Laura Zalenga.
El viento hace chirriar el letrero del bar que baila sobre sus
oxidadas argollas. El barullo de voces y lastimosas risas se escupen desde la
entrada, confundiéndose con el inaudible tintineo de las copas que se frotan
sobre la pulida madera y, en cuyo interior, rebosa el secreto de la promiscua
alegría. Mientras, la tarde se encoge manchada de oro y sangre en el horizonte
con gran elocuencia.
Una pareja goza sin pudor la ansiedad de sus cuerpos retorcidos de
deseo sobre el lomo de una silla. Un corpulento hombre como una gran roca se
abre paso entre la multitud mal iluminada. Sus ojos añil parecen no tener alma.

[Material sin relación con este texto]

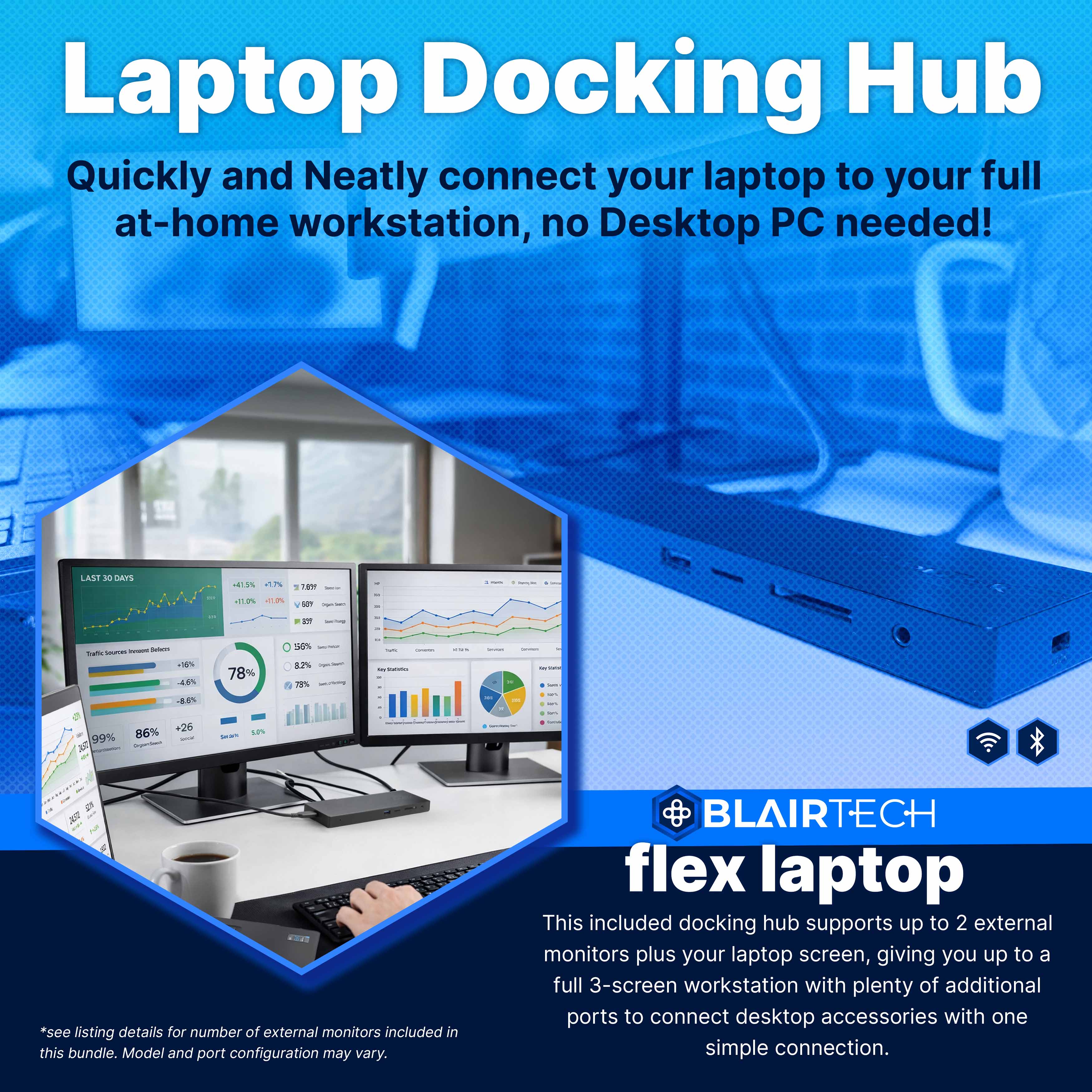 At the center of every BlairTech Flex bundle is a powerful 100W USB-C docking hub designed to transform your laptop into a full workstation. With a single cable connection, the hub powers your laptop while expanding your connectivity.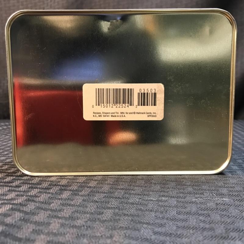 Auction is for tin only; no contents inside. Tin measures 7 1/8“ x 5 1/8“ x 2 1/2“.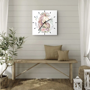 Horloge murale - Pendule murale - Une licorne aux couleurs pastel entourée de fleurs - 30x30cm - Invitation au monde des contes de fées - Décoration murale moderne pour le salon et la chambre ARTTOR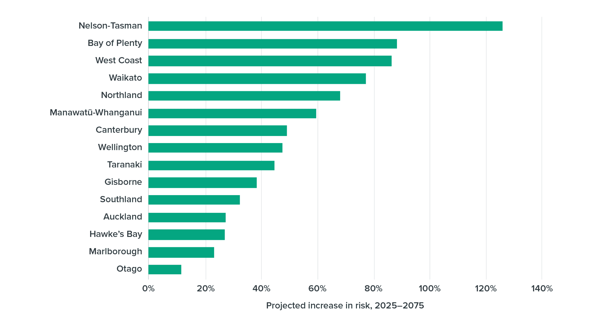 The Commission worked with Earth Sciences New Zealand to understand the exposure and severity of flood risk events likely to happen in New Zealand over the next 50 years. Risk – based on the change in average annual expected damage to private properties – is projected to increase most sharply for regions like Nelson-Tasman, Bay of Plenty and the West Coast. Coastal flooding from sea level rise is expected to be a larger driver of increased risk than more intense rainfall flooding events.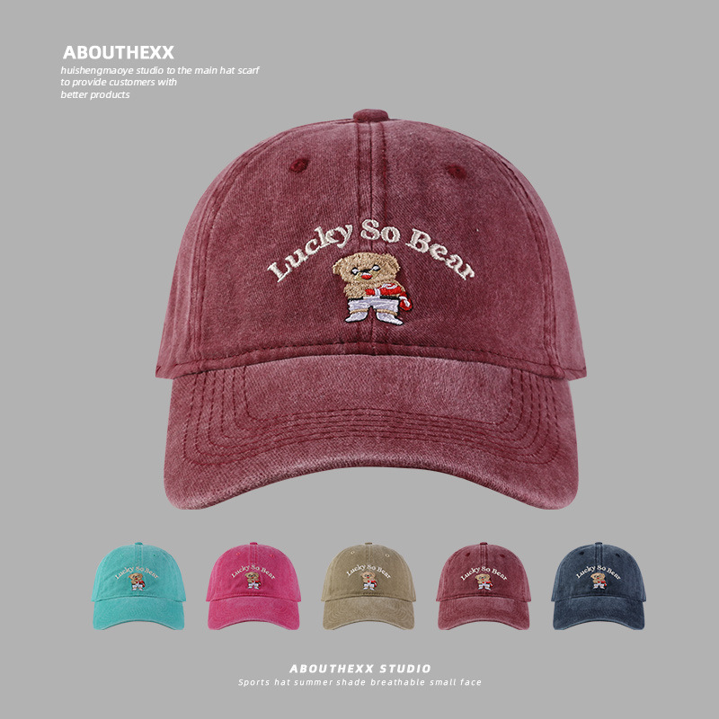 熊の刺繍の野球帽の子供は甘くて、2024春夏の新型のひさしのアヒルの舌の帽子のカップルの男は顔が小さいです。

Se cruzan con los míos. El jadeante cántico del río acariciando la belleza que
fecunda la ventana, me distrae, haciendo que me olvide del decadente decorado
que tras ella se exhibe.
Advierto entonces la pesadilla que se
agita, estirando sus demonios sobre sus piernas, incitando tentaciones a
quienes le mira. Un rayo despierta inicuos ángeles. Intento huir de sus odiosas
fanfarrias, pero su repetido eco todo lo invaden. Una mano me detiene. Me
sobrecoge la belleza de su varonil rostro y sus sarcásticos ojos perturban mi
alma. Intenta atraparme en su abrazo, mientras al amor blasfema. Oleadas de
arrebato despiertan el maléfico súcubo que ahora empuña con fuerza sobre él su
venganza.
Se escapa un grito. No sé bien de donde
proviene. Si de mis labios o de los suyos. Sus pupilas ardientes se van
poblando de nuevo de tinieblas. Logro escapar de su mano que aún a mí se
aferra. En la huida tropiezo con ella, que con espanto me mira con sus grandes
ojos, pero luego parece perder fuerza y cae desplomada en la roja alfombra,
donde una mancha apenas todo lo delata. Mientras los espejos danzan sobre la
balanza. Miro hacia abajo los espejos rotos que la delatan, devorando la
realidad en la que ella se balancea.
La maldiciente luz del farol
parece desvanecerse a lo largo de la calle del opio. Un abrumador sosiego va
amortajando la gruta que antes voluptuosamente pedía calma. Ignoro al sombrío
mendigo que reclama su dádiva al ver en mi rostro la gozosa expresión del
reciente extravío. Me asfixia la pomposa noche exhibiendo el reluciente broche
que imitar al sol pretende, mientras los consumidos adoquines con mis pasos
resuenan. Intentó escapar del infame fulgor que, como un dedo acusador, me
señala. Igual que un animal temeroso me arrimo a la resguardada esquina. El
acre aroma de agotamiento de mi cuerpo aún emana de mí. Solapadamente, saco el
espejo dentro de las sombras. Camino unos pasos más. La calle está desierta. El
silencio es testigo de mi angustiante respiración, cuando en el reflejo vuelvo
a encontrarme a la ¡Maldita Beata! Que persigue mis días.